## The data

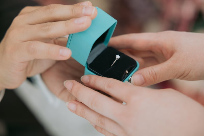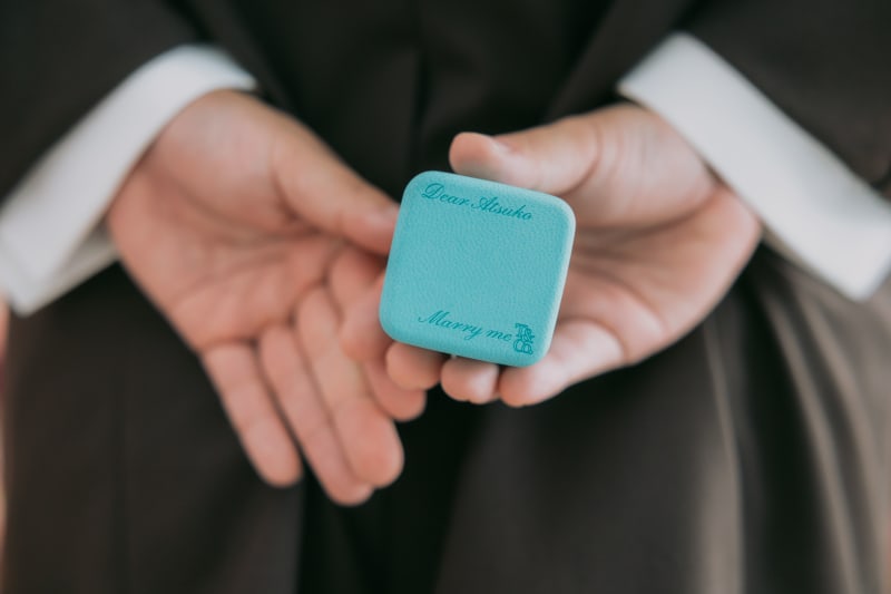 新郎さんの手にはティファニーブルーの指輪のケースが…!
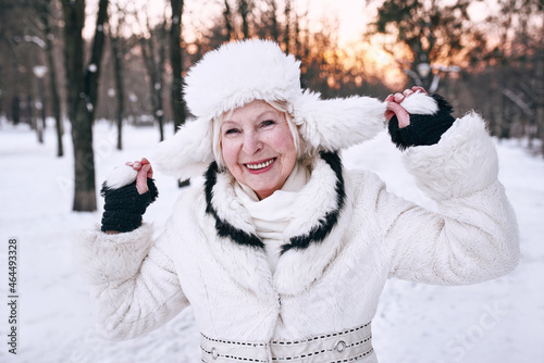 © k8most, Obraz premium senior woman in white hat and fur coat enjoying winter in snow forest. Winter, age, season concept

--

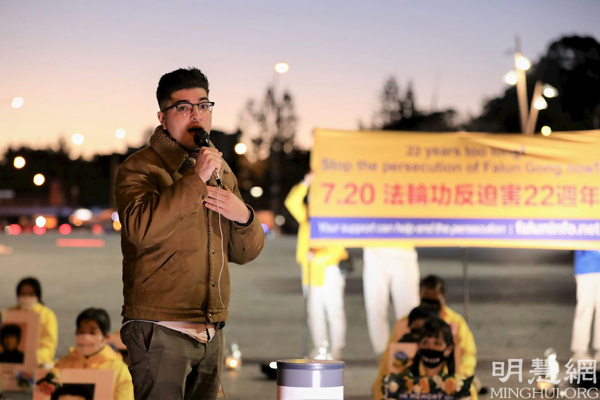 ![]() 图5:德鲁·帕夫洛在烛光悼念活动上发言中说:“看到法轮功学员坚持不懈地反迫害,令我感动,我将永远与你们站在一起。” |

## What is being asked
Every line above from the one with "新郎さんの手にはティファニーブルーの指輪のケースが…!" down to the one with "age, season concept" must be written out exactly, and no picture may appear.

## Task result
 新郎さんの手にはティファニーブルーの指輪のケースが…!
 © k8most, Obraz premium senior woman in white hat and fur coat enjoying winter in snow forest. Winter, age, season concept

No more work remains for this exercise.